Who is next?

19 December,2020 07:30 AM IST |  New York  |  Agencies

As healthcare workers and nursing home residents get inoculated against coronavirus, US vaccination experts debate who should be next: essential workers or those above 65 and patients with certain conditions

World War II Navy veteran Lawrence Doyle, 94, receives a COVID-19 vaccination at a care facility on December 17 in Washington. PIC/AFP


The US COVID-19 vaccination campaign has begun, and the few available doses are mostly going into the arms of healthcare workers and nursing home residents.

But what about in January, February and March, when more shots are expected to become available? Who should get those doses? A federal panel of vaccination experts takes up that question at an emergency meeting this weekend. No matter what the committee decides, there will be differences from state to state.

Essential staff or elderly?

The panellists are leaning toward putting "essential workers" first because bus drivers, grocery store clerks and similar staff can't work from home. They are the people getting infected most often, and where concerns about racial inequities in risk are most apparent.

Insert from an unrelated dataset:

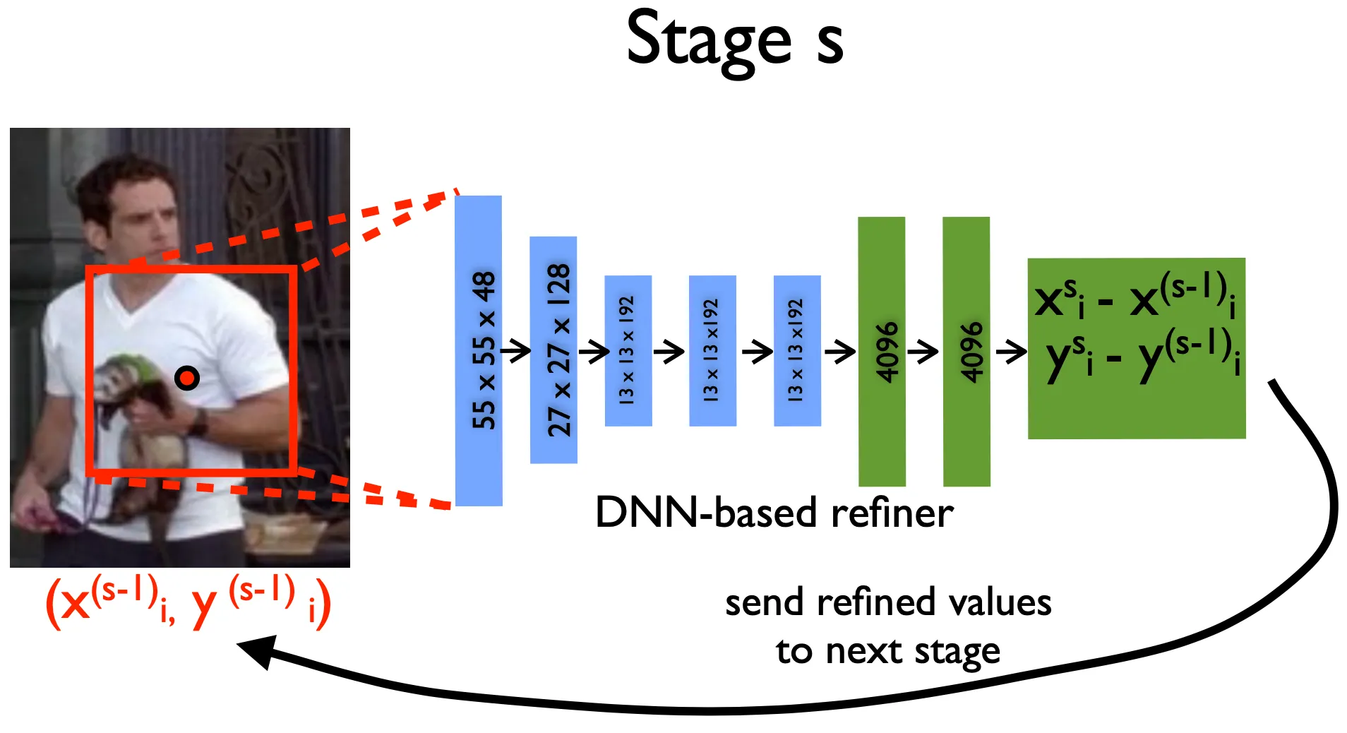 논문에서는 더 좋은 precision 을 달성하기 위해서 기존의 모델에 pose regressor 를 cascade 하여 추가로 학습을 진행하기로 합니다. Initial model 이 예측한 pose 를 refine하기 위해 추가로 regressor 를 사용하는 것입니다. 이를 위해서, cascaded pose regressor 들은 initial model 이 원하는 만큼 학습되어 initial pose 가 예측되기 전까지는 동작하지 않고 예측된 이후에 예측한 joint location 의 주변으로 image 를 crop 하여 잘려진 sub-image 위의 joint 에 대해 자세히 들여다 보면서 보정해야 할 pose displacement 를 학습합니다.

But other experts say people aged above 65 should be next, along with people with certain medical conditions. Those are the people who are dying at the highest rates, they say.

Vote on Sunday

The group is scheduled to vote on the proposal Sunday, one day after it discusses a vaccine made by Moderna. "I think we know this isn't going to be perfect. We don't have vaccine for everyone right away, so we're going to have to make difficult decisions," said Claire Hannan, executive director of a body that represents the managers of state vaccination programs. The advice of the expert panel is almost always endorsed by the CDC.

'COVID three times more deadly than flu'

A study published in The Lancet Respiratory Medicine on Friday confirmed that the new coronavirus is worse than seasonal flu, showing a death rate almost three times higher among COVID-19 patients. Some 16.9 per cent of COVID-19 patients died between March and April, whereas 5.8 per cent death rate from flu was recorded from December 2018 to the end of February 2019.

Many states told to expect far fewer doses next week

Several states say they have been told to expect far fewer doses of the Pfizer-BioNTech COVID-19 vaccine in its second week of distribution, prompting worries about potential delays in shots for health care workers and long-term care residents. But senior Trump administration officials on Thursday downplayed the risk of delays, citing a confusion over semantics, while Pfizer said its production levels have not changed.

Half of Belgium's COVID-19 deaths in rest homes

Nearly 10,270 elderly people living in Belgian rest homes have died from COVID-19 since the start of the pandemic. Yves Van Laethem, a spokesman at Belgium's coronavirus crisis centre, said on Friday that these deaths accounts for 56 per cent of all the victims. One of the hardest-hit countries in Europe, Belgium has reported more than 618,000 confirmed virus cases and 18,371 deaths linked to the coronavirus.